# Project: Wrangling and Analyze Data

## Data Gathering
In the cell below, gather **all** three pieces of data for this project and load them in the notebook. **Note:** the methods required to gather each data are different.
1. Directly download the WeRateDogs Twitter archive data (twitter_archive_enhanced.csv)

In [3]:
# import libraries
import pandas as pd
import numpy as np
import matplotlib.pyplot as plt
import json
import requests

%matplotlib inline

In [4]:
# load the twitter-archive-enhanced.csv into a dataframe
twit_arch = pd.read_csv('twitter-archive-enhanced.csv')

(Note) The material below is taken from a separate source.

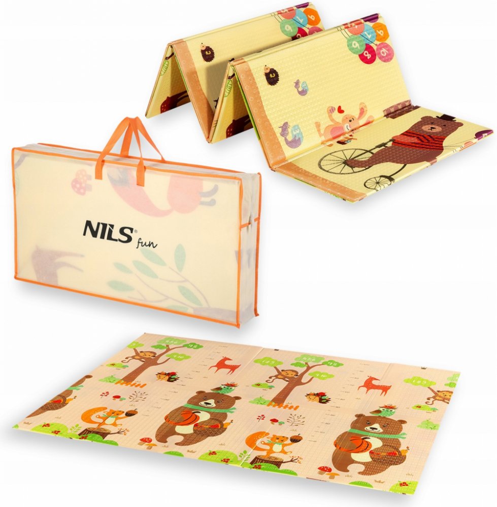 Objevte naši skládací dětskou podložku Forest od NILS Fun! Tato ve své kategorii jedinečná podložka zaujme nejen svým krásným lesním designem, ale nabízí také mnoho vlastností, které podporují rozvoj vašeho dítěte. Nabízí plochu o rozměrech 190x150 cm a poskytuje dokonalý prostor pro hru, učení a rozvoj motoriky. Bezpečnost a odolnost Naše podložka je vyrobena z pěny XPE, což znamená, že je mimořádně trvanlivá a odolná proti poškození. Protiskluzový povrch a vynikající izolace od studené podlahy zajišťují pohodlí a bezpečnost vašeho děťátka během hry. Díky své výjimečné měkkosti podložka dokonale tlumí pády a chrání vaše dítě při učení se novým motorickým dovednostem, jako je převalování ze zad na břicho, lezení nebo první pokusy o chůzi. Je ideálním místem, které vašemu batoleti poskytne bezpečný prostor pro zkoumání a učení se pohybem, což je v prvních letech života dítěte klíčové. Vzdělávací hodnota a multifunkčnost Kromě toho, že podložka slouží ke hře, je také vzdělávacím nástrojem. Díky vyvýšeným číslicím a písmenům, které pomáhají při výuce čtení, a ilustracím lesnich obyvatel podporuje smyslový a kognitivní vývoj vašeho dítěte. Oboustranný design podložky umožňuje měnit prostředí, poskytuje rozmanité podněty a udržuje zájem dítěte. Snadná přeprava a skladování Díky přiložené přenosné tašce se podložka snadno skladuje a přepravuje, což z ní činí ideální volbu pro rodiče na cestách. Skládací konstrukce podložky znamená, že doma i na cestách nezabírá mnoho místa a umožňuje snadné přenášení a skladování. Vyberte si dětskou podložku Forest od společnosti NILS Fun Výběrem naší podložky investujete do rozvoje a bezpečnosti svého dítěte. Dětská skládací podložka MD05 Forest je víc než jen hračka - je to prostor, který podporuje učení a rozvoj vašeho batolete na mnoha úrovních. Parametry: Materiál: XPE pěna Rozměry: Rozložená podložka: 190 x 150 x 1 cm Složená podložka: 75 x 40 x 10 cm Snadná údržba Tlumí pády Oboustranná Dodáváno v tašce pro snadné přenášení a skladování Upozornění: Není určeno pro komerční použití

2. Use the Requests library to download the tweet image prediction (image_predictions.tsv)

In [5]:
# downlod the image prediction file programmatically
url = 'https://d17h27t6h515a5.cloudfront.net/topher/2017/August/599fd2ad_image-predictions/image-predictions.tsv'
response = requests.get(url)

with open(url.split('/')[-1], mode = 'wb') as file:
    file.write(response.content)

In [6]:
# load the image-prediction.tsv into a dataframe
image_pred = pd.read_table('image-predictions.tsv')

3. Use the Tweepy library to query additional data via the Twitter API (tweet_json.txt)

In [7]:
# I have no access to twitter API, so download the tweet-json provided by Udacity
data = []
with open('tweet-json.txt', 'r')  as file:
    for line in file:
        data.append(json.loads(line))

In [8]:
# extract the contents needed(tweet_id, retweet_count, favorite_count)
deets = []
for item in data:
    tweet_id = item['id']
    retweet_count = item['retweet_count']
    favorite_count = item['favorite_count']
    
    deets.append({'tweet_id': tweet_id,
                 'retweet_count': retweet_count,
                 'favorite_count': favorite_count})

In [9]:
# read the extracted content into a dataframe
twit_like = pd.DataFrame(deets, columns = ['tweet_id', 'retweet_count', 'favorite_count'])

## Assessing Data
In this section, detect and document at least **eight (8) quality issues and two (2) tidiness issue**. You must use **both** visual assessment
programmatic assessement to assess the data.

**Note:** pay attention to the following key points when you access the data.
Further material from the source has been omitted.